The task:
Nothing but the lines from the top of the data to the line holding "The dining area" should be printed, word for word and both ends included; leave the pictures out.

Information supplied:
- Opening Delimiter -

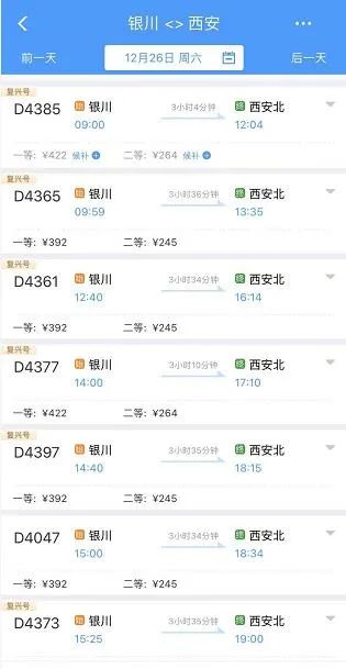 开通后,银川至西安北最短运行时间3小时04分,西安北至银川最短运行时间3小时05分。庆阳至西安北最短运行时间1小时16分,西安北至庆阳最短运行时间1小时22分钟。目前,根据12306网站显示,银西高铁车票开始发售。具体票价和运行时刻看下图↓
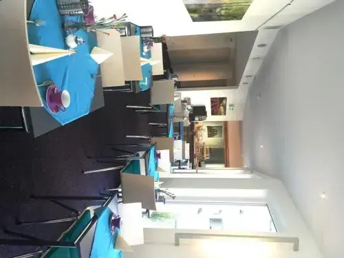 The dining area includes a restaurant and a dining room. Breakfast and lunch are served every day. Special meals, including diet meals, are also available. The hotel also offers special catering options.
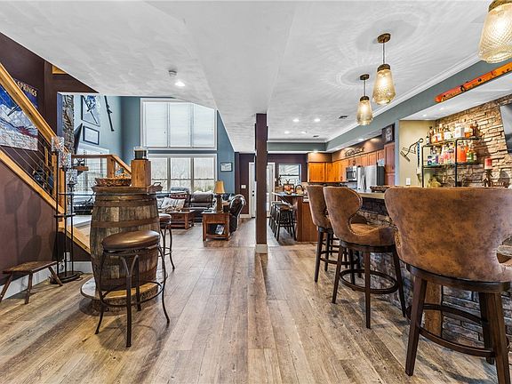 Escape the city and head to the mountains in this nicely appointed ski home with flowing, open floor plan with Loft. Updates include newer kitchen, baths and luxury vinyl flooring. Living room boasts a stone floor to ceiling wood burning fireplace. The dining room has been re-purposed to a bar for entertaining, enjoy the large deck for outdoor entertaining and relaxing while enjoying the long views. All homeowners enjoy two summer recreation areas with swimming pools, hot tubs, tennis, basketball and volley ball courts, and child's play areas. Shuttle service to the Seven Springs Resort and Spa. New Roof in 2022, Replaced floors in 2020, Totally remodeled the bathrooms in 2020. Painted the exterior of the home 2022, replaced windows on the 1st floor in 2021, painted the entire interior of the home in 2020. HOA Fee covers the costs of snow removal on the private roads and walkways of the community.
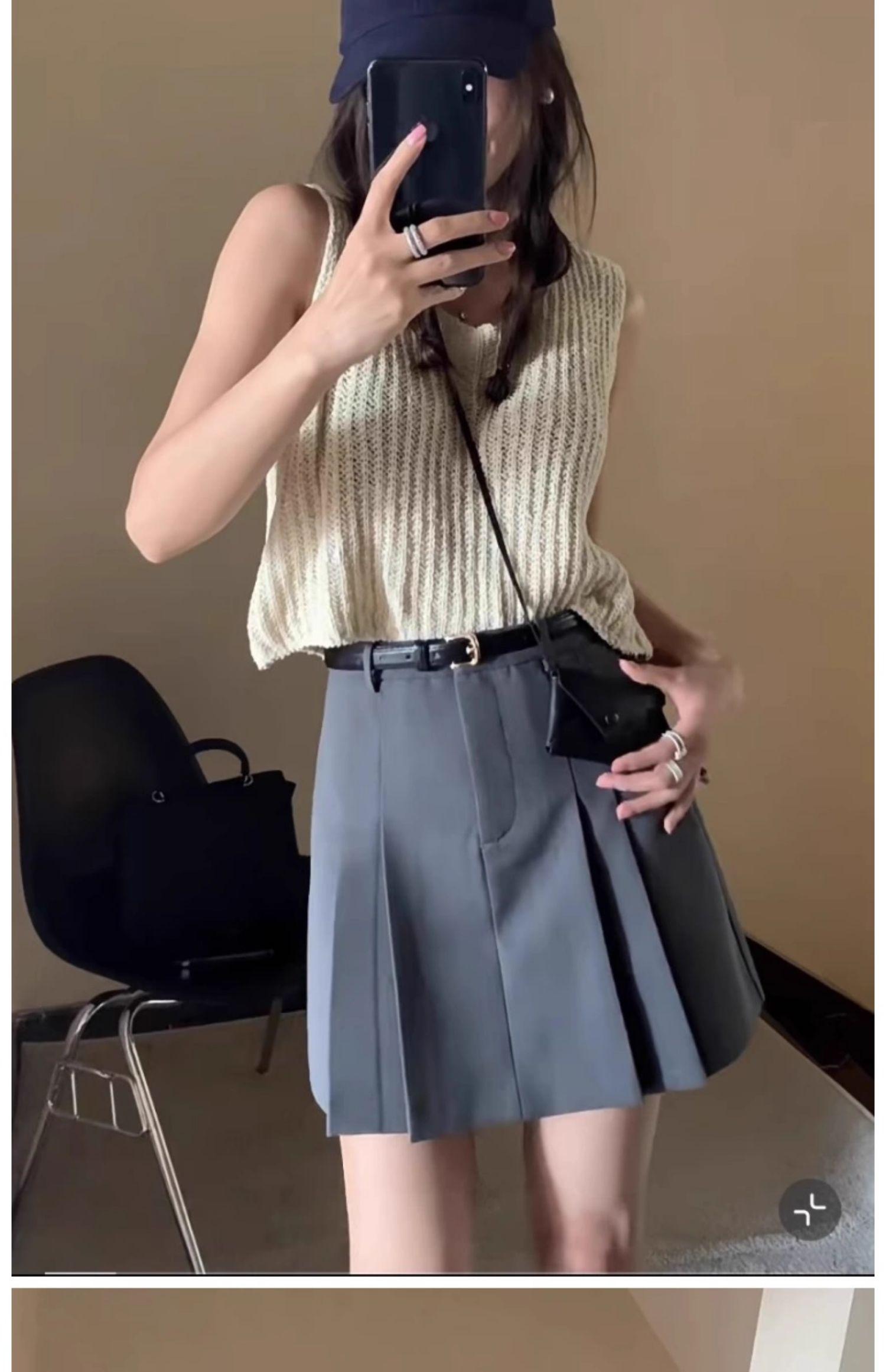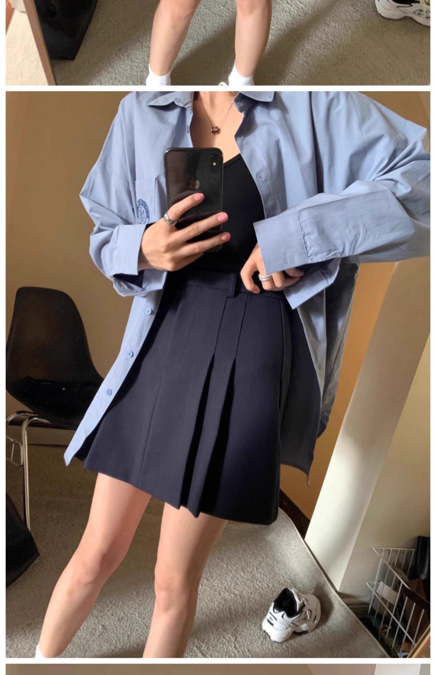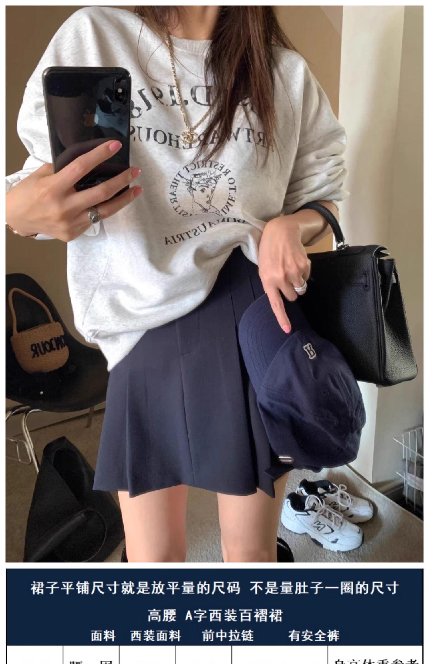 Falda Estilo Universitario Talla Grande Falda Corta para Mujer 2025 Primavera y Verano Nuevo Gordo mm Cintura Alta Look Adelgazante Falda Línea A Plisada

- Closing Delimiter -

Reply to the task:
 开通后,银川至西安北最短运行时间3小时04分,西安北至银川最短运行时间3小时05分。庆阳至西安北最短运行时间1小时16分,西安北至庆阳最短运行时间1小时22分钟。目前,根据12306网站显示,银西高铁车票开始发售。具体票价和运行时刻看下图↓
 The dining area includes a restaurant and a dining room. Breakfast and lunch are served every day. Special meals, including diet meals, are also available. The hotel also offers special catering options.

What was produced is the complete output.